The Billy Taylor Collection houses great detail on his radio career advocating for jazz, including his Jazz Alive! series for National Public Radio.  Prior to that, Billy had morphed his jazz piano history book into a radio series bent on demystifying jazz and it’s history for the masses.  The more I examined his papers the deeper and broader his advocacy efforts clarified on behalf of jazz music, its musicians, its audience, Billy’s subsequent influence became even clearer.  When you listen now to satellite radio on SiriusXM and hear their Real Jazz channel you’ll hear specialty programs from such masters as bassists Christian McBride and Marcus Miller, drummer Terri Lyne Carrington, and organist Pat Bianchi.  Clearly Dr. Billy Taylor paved the way for them.

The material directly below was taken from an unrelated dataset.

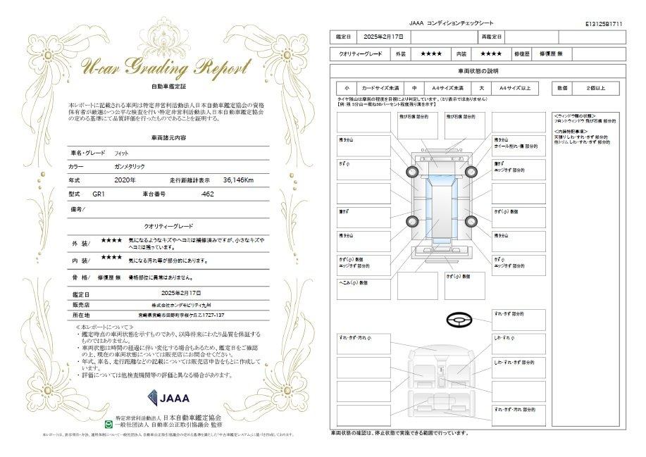 | 車両状態評価書 | ※クリックすると開きます![]() |

In 1995 Billy Taylor launched Billy Taylor’s Jazz at the Kennedy Center.  That series proved to be a masterful jazz advocacy effort.  Billy engaged guest artists with his trio in a format where they played some and talked some in a manner that further de-mystifyed jazz music for audiences, providing insights into how the music is made and why the musicians make certain musical choices.  I quickly learned that in typical Billy Taylor fashion, this was an extraordinarily well-plotted series, not some seat-of-the-pants quasi jam session with friends.  I found cue sheets in the Collection, among them detailing the plots for shows with violin great and NEA Jazz Master Regina Carter, another plotting a show featuring NEA Jazz Master alto saxophonist-educator Jackie McLean, just to give a sense of the range of artists Billy invited to encounter onstage at the KC’s Terrace Theatre. 


I found the Reading Room personnel to be quite friendly and cooperative, and here I have to say a special thanks particularly to the reference librarian Morgan Davis.  I’d communicate my research interests to Claudia, and later to Morgan, and without fail the materials I requested from the various collections would be there on my arrival.  That was my journey through the Jazz Collection resources at the Library of Congress… for now!